Ward loaded with juveniles for Royal Ascot meet

There will be an American presence on each of the five days of racing at the Royal Ascot meeting in England, which runs from Tuesday through Saturday.
Wesley Ward is preparing 10 horses for stakes, and Joe Orseno has one. The U.S. horses range from veteran sprinters to lightly raced juveniles.
There are eight Group 1 races through the week, the highlight of the British flat-racing season. Each card begins at 9:30 a.m. Eastern and includes just six races.
Tuesday’s program has three Group 1 races – the $755,580 Queen Anne Stakes at a mile for older horses, the $629,650 King’s Stand Stakes at five furlongs, and the $629,650 St. James’s Palace Stakes for 3-year-old milers.

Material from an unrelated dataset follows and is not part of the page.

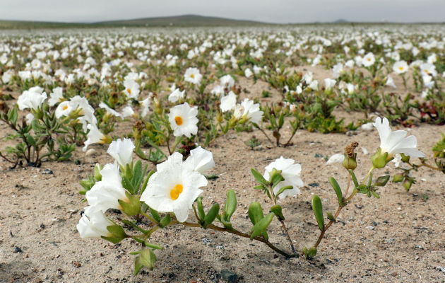 Las intensas y sorpresivas precipitaciones registradas en las regiones del norte de Chile durante los meses del invierno austral dieron paso al deslumbrante desierto florido en Atacama, el más árido y soleado del mundo. Este fenómeno, que ocurre con una distancia de cinco o siete años, pero que se ha vuelto recurrente debido a la presencia de el fenómeno climatológico El Niño, atrae a miles de turistas con sus más de 200 especies florales y fauna endémica. Algunos expertos apuntan que este 2017 podría apreciarse el más espectacular florecimiento de las últimas décadas, debido a la cantidad de agua caída en la zona norte, que permitió un desarrollo de vegetación "intenso y denso", explicó la Corporación Nacional Forestal (Conaf). "Esto puede o no ser, eso depende de las condiciones atmosféricas, de un aumento de la temperatura gradual mientras vaya pasando el invierno y acercándose la primavera", señaló el jefe de Conservación de la Biodiversidad de Conaf, César Pizarro. Pizarro precisó que las lluvias de mayo en la región de Atacama, principalmente en la provincia de Huasco, casi al límite con la región de Coquimbo, propiciaron el surgimiento de la alfombra multicolor. "Un mes después cayeron (las lluvias) en Antofagasta y Chañaral, lo que marca un período. Ya en octubre vamos a tener una floración no con la alta intensidad ni densidad, pero sí muy interesante que convierte quebradas, lomas y serranía de roca y tierra, en lugares verdes con flores", sostuvo el también biólogo. El desierto florido es sin duda una de las postales más apreciadas por los turistas que acuden a las regiones del extremo norte por estos meses, un atractivo que aún no termina de entenderse y que la ciencia no ha podido explicar a cabalidad. Nolanas de color celeste y lila, coloridas patas de guanaco, delicadas añañucas y las locales garras de león se divisan al borde del camino en el recorrido entre Copiapó y Vallenar, a unos 665 kilómetros de Santiago. Este "milagro del desierto", como lo llaman algunos lugareños, es aprovechado por los comerciantes y la oferta turística para promover otras bondades y atributos del territorio, que cuenta con parques nacionales, mares cristalinos, paisajes privilegiados y áreas naturales protegidas. De acuerdo con el Servicio Nacional de Turismo (Sernatur), el inusual florecimiento se verá en su máximo esplendor entre la segunda semana de agosto y la primera quincena de septiembre, por lo que han llamado a los visitantes a planificar sus viajes. El Sernatur declaró que espera unas 25,000 visitas para este año, mientras contabiliza un aumento de las consultas recibidas en un 25%, respecto de 2016. Existen solo tres lugares en el mundo donde los clásicos desiertos florecen, que son Estados Unidos, Australia y Chile. La región de Atacama, que se dio a conocer mundialmente en 2010 cuando 33 mineros quedaron atrapados bajo tierra hasta ser rescatados 71 días después, figura en la guía de viajes Lonely Planet como uno de los 10 destinos para visitar. Hace 40 años, el desierto de Atacama también fue destacado por los supuestos avistamientos de Ovnis, en que incluso un cabo del Ejército de Chile, fue abducido por un nave espacial, un hecho que nunca desmintió la institución y que sirvió para que miles de turistas llegaran a la zona en la década de los ochenta.

The Orseno-trained Imprimis is scheduled to start in the King’s Stand Stakes on the straightaway course, one of the toughest races of the week. As of Friday, Imprimis was 12-1 with British bookmakers in a race led by Battaash (9-4) and Blue Point (3-1).
Blue Point and Battaash were first and second in the 2018 King’s Stand. Blue Point won the Group 1 Al Quoz Sprint in Dubai in March, while Battaash won the Group 2 Temple Stakes at Haydock Park in England on May 25 in his first start since undergoing a breathing operation in January.
Imprimis is unbeaten in two starts this year, the Silks Run Stakes at five furlongs on turf at Gulfstream Park on March 9 and the Grade 2 Shakertown Stakes at 5 1/2 furlongs at Keeneland on April 6, when he overcame trouble at the start to win by a neck.
Frankie Dettori, who has ridden 60 winners at Royal Ascot since 1990, has the mount.
The Tuesday program begins with the Queen Anne Stakes. Le Brivido, trained by Aidan O’Brien, is a lukewarm favorite following a fifth in the Group 1 Lockinge Stakes at Newbury in May. The St. James’s Palace Stakes is led by Phoenix of Spain and Too Darn Hot, first and second in the Group 1 Irish 2000 Guineas on May 25.
Ward’s team, which consists primarily of 2-year-olds, will race Wednesday through Saturday. Ward has won 10 races at Royal Ascot in the last decade and expects to add to that total.
“There are some real nice 2-year-olds that I have here,” he said from London on Friday. “Each year, as a group, they are getting stronger. In the early years, I’d cross my fingers and hope. I should have a good account of myself.
“This is the highlight of my year.”
On Wednesday, Ward plans to start the Belmont Park maiden-race winners Foolish Humor and Karak in the $113,300 Windsor Castle Stakes for 2-year-olds at five furlongs on turf. Chili Petin, a maiden-race winner at Keeneland in April, is a candidate for the Windsor Castle, Wednesday’s Group 2 Queen Mary Stakes, or Friday’s Group 2 Albany Stakes.
The $138,520 Queen Mary for 2-year-old fillies at five furlongs is the designated race for Anna’s Fast and Kimari, the easy winners of maiden special weight races at Keeneland in late April.
On Thursday, Ward intends to run Maven, a maiden-race winner at Aqueduct in April, in the Group 2 Norfolk Stakes for 2-year-olds at five furlongs. A day later, Nayibeth, a maiden-race winner at Keeneland in April, is set to start in the Group 3 Albany Stakes for 2-year-old fillies at six furlongs.
From a prize-money standpoint, Saturday could be a big day for Ward. Bound for Nowhere, second in the Shakertown, will start for the second consecutive year in the Group 1, $755,580 Diamond Jubilee Stakes at six furlongs. Bound for Nowhere was third in the race last year. The Diamond Jubilee field is led by Invincible Army, who won the Group 2 Duke of York Stakes at York Racecourse in May.
Ward’s final 2-year-old runner will be Joker On Jack in the Chesham Stakes at seven furlongs on Saturday. Joker On Jack won a maiden race at Keeneland on April 18 and was seventh in an allowance race at Newbury on May 18.
The richest race of the week is the Group 1 Prince of Wales’s Stakes at 1 1/4 miles on Wednesday, which has a purse of $944,475. Magical, the O’Brien-trained 4-year-old filly who was second in the Breeders’ Cup Turf at Churchill Downs last November, is the future-book favorite at 2-1. She is a slight choice over Sea of Class, who was second in the Prix de l’Arc de Triomphe in Paris last October.